The performance objectives for this activity include: The performance objectives for this activity include: (1) Students will actively listen and ask questions about Western medicines for patients. (2) Students will write notes and a summary about the topic.

Invite a pharmacist to the classroom to share information on the various types of drugs used for pain and diseases. Have the pharmacist discuss information on different forms of drugs available such as oral liquid, oral pills, injection, inhalant, creams and ointments, patches, and others. Have students write notes during the presentation. Arrange students into small groups based on the number of drugs described by the pharmacist. Have students write summaries about the plants used in ceremonies, and share with class.

Activity #7

The performance objectives for this activity include: (1) Students will plan and create videos on traditional Diné plants. (2) Students will evaluate and prepare videos for presentation. (3) Students will present videos to an audience.

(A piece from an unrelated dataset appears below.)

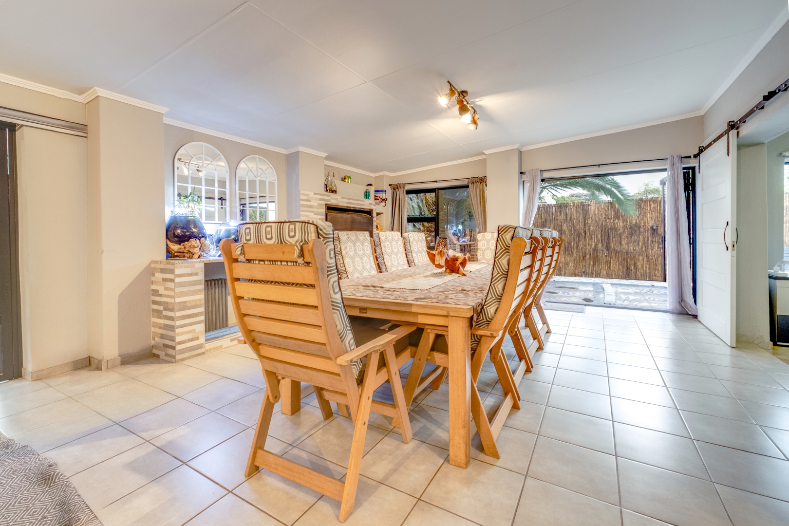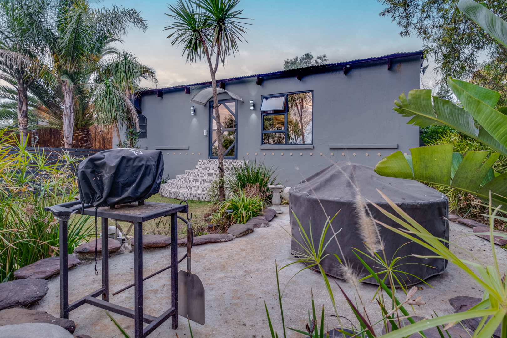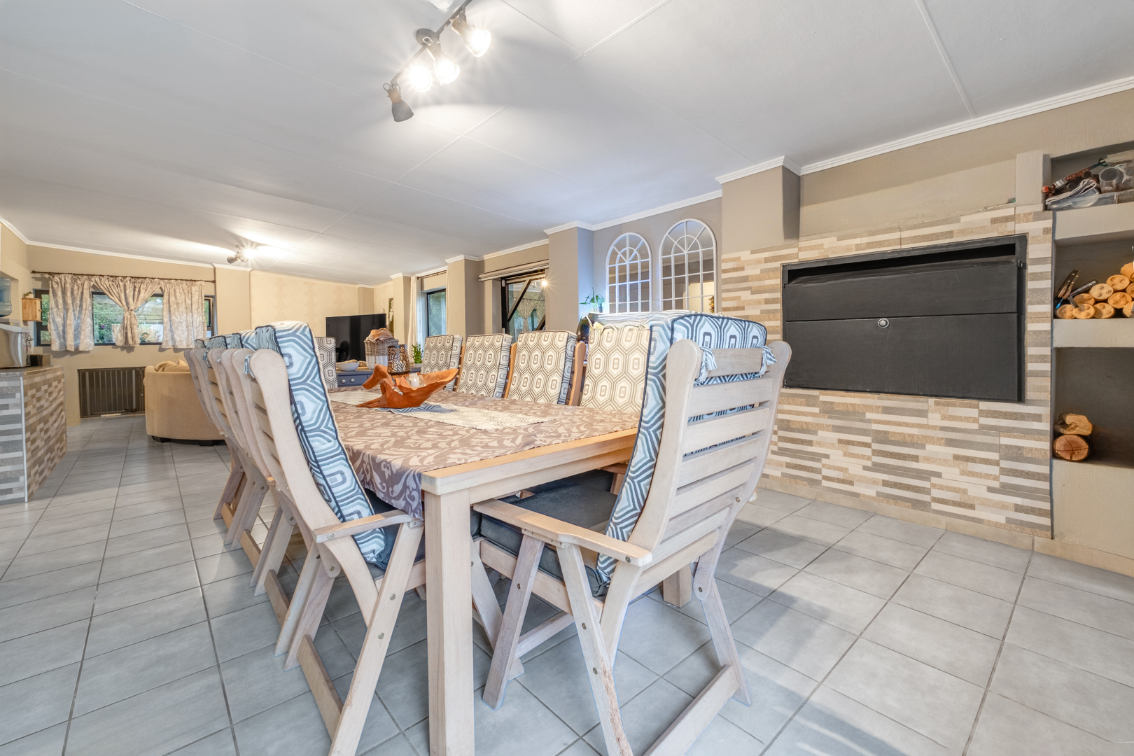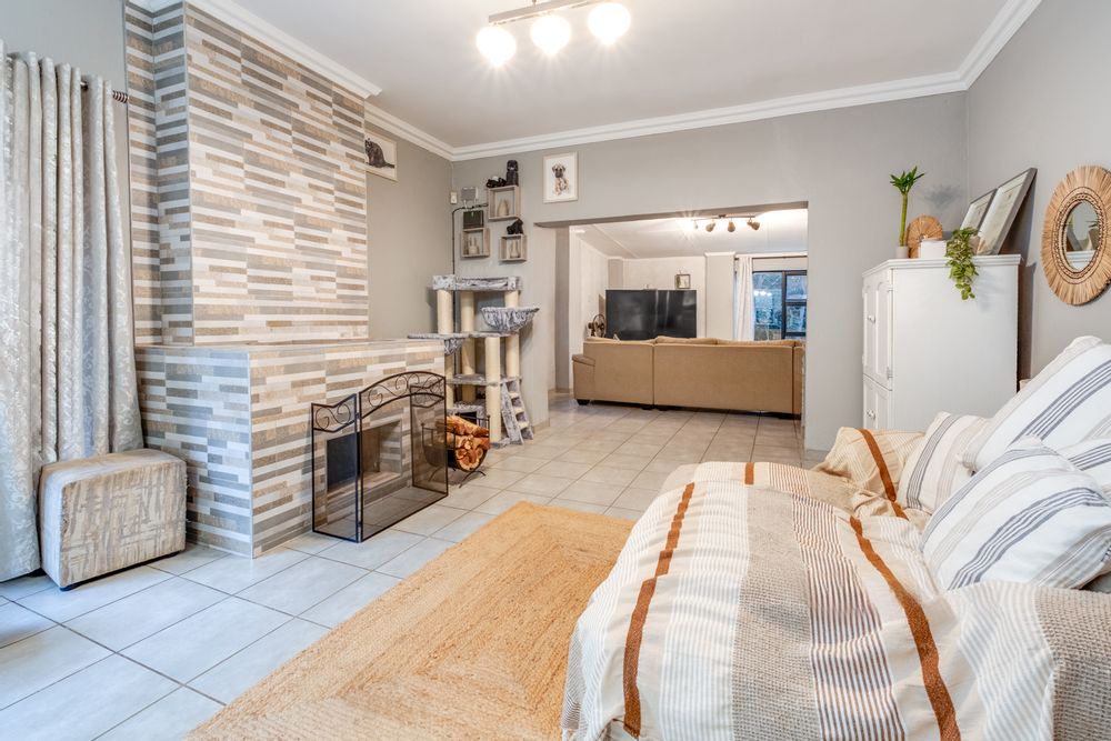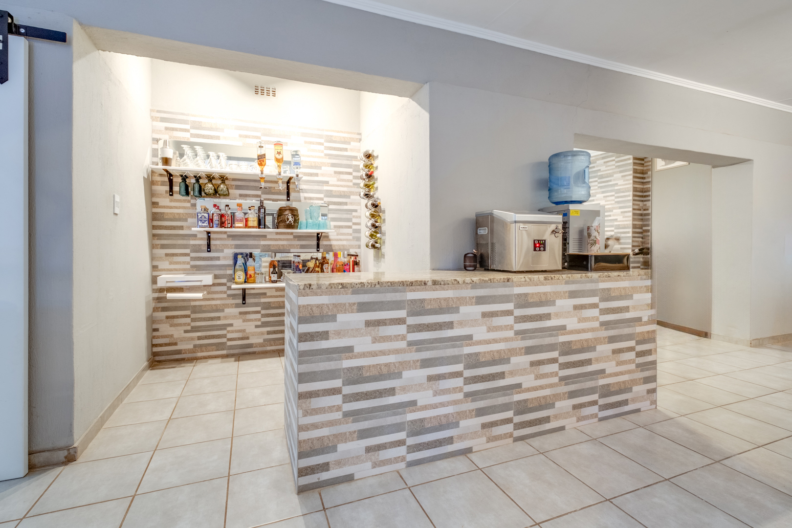 Additional living area is open plan with the TV room, featuring tiled flooring, a large north-facing door leading to the pool, granite counter space, a built-in braai, and access to the second bedroom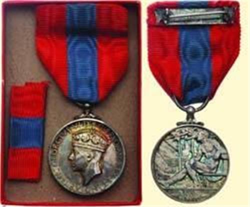 Medal type George VI ("...INDIAE IMP"); silver, named "HERBERT THOMAS GILLAM", with large suspension ring, original ribbon with pin, in original card board box with ribbon bar. Nice patina!

Arrange students into groups of four. Have students work in groups to plan on the type of information the video will contain. The video can include: how to collect plants for medicinal purpose; how to prepare the plant for medicinal purposes; how to apply the medicinal plant for healing; where the plant is found; Describe the plant providing information including Diné, English, and scientific names; or the various uses for a plant. Have students plan for a five to eight minute video to include step by step information on how the group will show the information.

Activity #8

The performance objectives for this activity include: (1) Students will write step by step instructions for how to use a traditional medicine plant in Diné language. (2) Students will create a book of how to use traditional medicine from plants.

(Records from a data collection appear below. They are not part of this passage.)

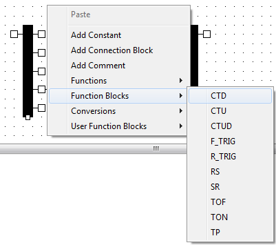 A context sensitive menu is displayed. - Select the Function Blocks option to display another menu.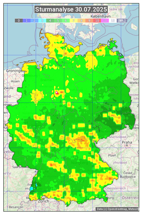 Die Sturmanalyse vom 30.07.2025 zeigt die maximalen Windböen des Tages. Die Angabe erfolgt als Windstärke in Beaufort.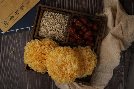 An intimate, tightly framed square still life focusing on the rich textures and colors of Lunar New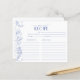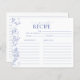 Designed to match our French Blue & White Victorian Floral Bridal Shower Invitation, this trendy recipe card design features pretty hand lettered script typography, classic hand drawn blue Victorian florals of garden flowers, bees, and butterflies, along with modern hand lettered calligraphy. All the recipe lines needed for sharing favourite recipes with the bride-to-be! All text fields, except the proprietary design typography, can be edited, as needed. PLEASE NOTE: THIS RECIPE CARD WILL NOT FIT IN THE SQUARE INVITATION ENVELOPE, SO YOU WILL NEED TO ORDER THE VERTICAL 5X7" DESIGN OF THE MATCHING INVITATION TO GO WITH THIS RECIPE CARD View suite here: https://www.zazzle.com/collections/french_blue_white_victorian_floral_bridal_shower-119265327422133417 Contact designer for matching products. Copyright Surridge Design Co. for Elegant Invites, all rights reserved.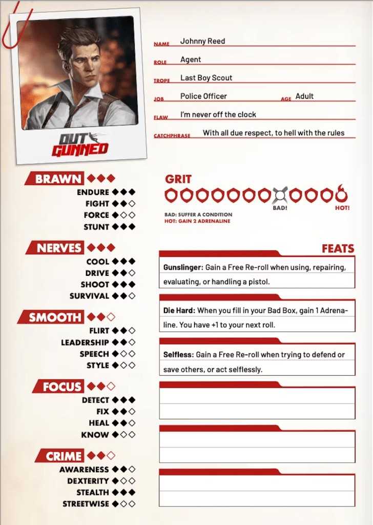 Em Outgunned, você interpreta um herói que, embora muitas vezes em desvantagem e desarmado, enfrenta inimigos poderosos e situações extremas. O jogo utiliza o sistema Director’s Cut, que se baseia em rolagens estratégicas de dados de seis lados para resolver ações arriscadas. O objetivo ao rolar os dados não é obter o valor mais alto, mas sim combinar o maior número de símbolos iguais. Isso torna o jogo menos dependente da sorte e mais focado em estratégia e decisões rápidas, especialmente em momentos de alto risco, proporcionando uma experiência intensa e empolgante.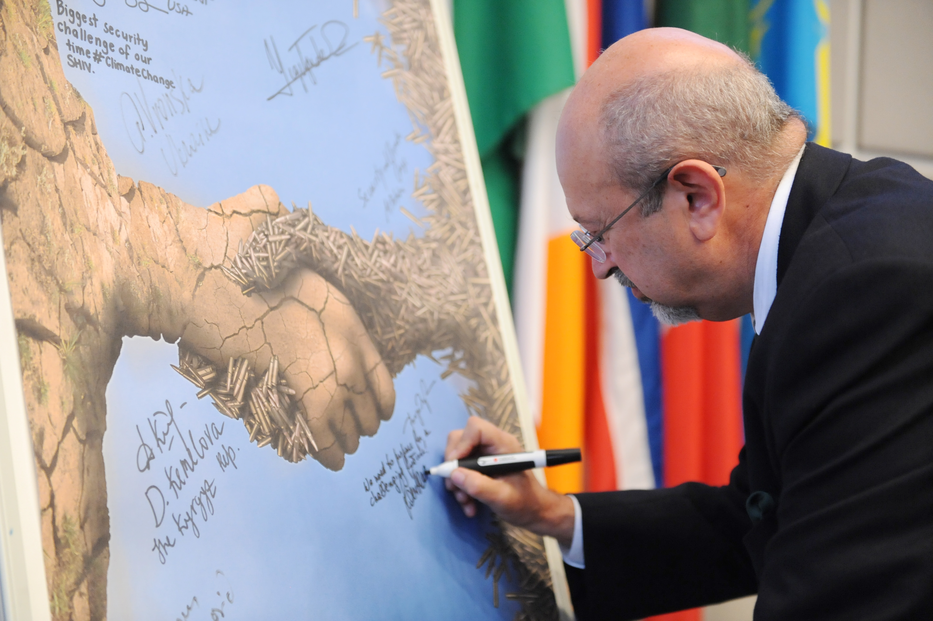 OSCE Secretary General Lamberto Zannier signing the poster with the winning design of the joint OSCE-eYeka crowdsourcing competition on security and climate change, during the OSCE Security Days event on climate change and security, Vienna, 28 October 2015.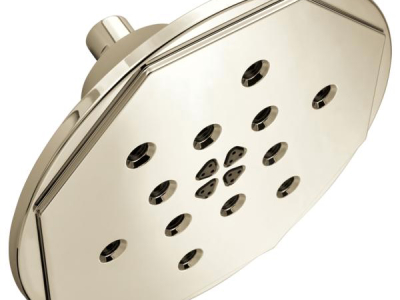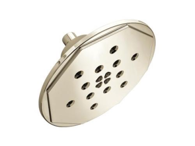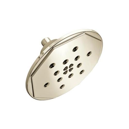 Brizo®, 87461-PN, Raincan Shower Head, Multi-Function, Rook™ Collection, 2 gpm Flow Rate, 1/2-14 NPSM Connection, Round Shape, 4 Sprays, Spray Pattern: Full Body H2Okinetic®/H2Okinetic® Invigorating/Massage/Pause, Wall Mounting, 80 psi Pressure, 3-7/8 in Overall Width, 8 in Overall Height, Plastic, Polished Nickel, Import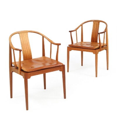 “China chair”. A pair of mahogany armchairs. Seat cushion upholstered with button fitted patinated brown leather. Model 4283. Designed 1944. Manufactured by Fritz Hansen, 1988. (2)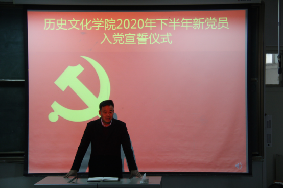 12月8日下午,beat365在人文楼609教室举行了2020年下半年预备党员宣誓仪式,院党委书记李军辉、副书记刘喜元支部书记付亚男、邓皓2020年下半年转正党员、新发展党员及部分入党积极分子参加。仪式由刘喜元主持。

Arrange students into groups of two. Have students use information gathered and researched from Diné traditional herbalist visit or other sources such as parents or family members to write their directions to use a traditional medicine. Have students include drawings or photos with their written instructions.

Activity #9

The performance objectives for this activity include: (1) Students will identify and collect plants on field trip. (2) Students will record information on various plants.

Take students on a field trip to the areas where plants can be found. Have students work in pairs to identify the most common plants such as sage brush, pinon trees, juniper, yucca, and grease wood. Have students record information on environment of the plant and its physical characteristics, and surroundings. Have students collect small samples of the plant in a bag to take back to class.

Activity #10

The performance objectives for this activity include: (1) Students will identify a plant cell and

animal cell using prepared plant–leaf cell and animal–blood cell (2) Students will locate organelles of animal cell and plant cell, and identify its functions. (3) Students will create a cell using various materials.

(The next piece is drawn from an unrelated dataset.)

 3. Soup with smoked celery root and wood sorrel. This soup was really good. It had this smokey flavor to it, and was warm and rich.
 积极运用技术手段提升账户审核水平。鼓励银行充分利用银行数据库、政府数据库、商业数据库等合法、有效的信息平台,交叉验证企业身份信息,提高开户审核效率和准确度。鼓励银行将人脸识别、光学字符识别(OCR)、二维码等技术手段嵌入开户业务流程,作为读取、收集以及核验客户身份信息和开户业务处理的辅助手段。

Arrange students into groups of two. Hand out diagrams of plant and animal cells for students to examine to identify the cell organelles. Have students research and write the function of the cell organelles. Students can see and discuss the similarities and differences between a plant cell and animal cell. Distribute materials to simulate a cell: s sealable freezer bags for membrane, hair gel for cytoplasm, ball for nucleus, various colored foam to cut out for mitochondria, vacuole. Have students discuss and share the information of their cell.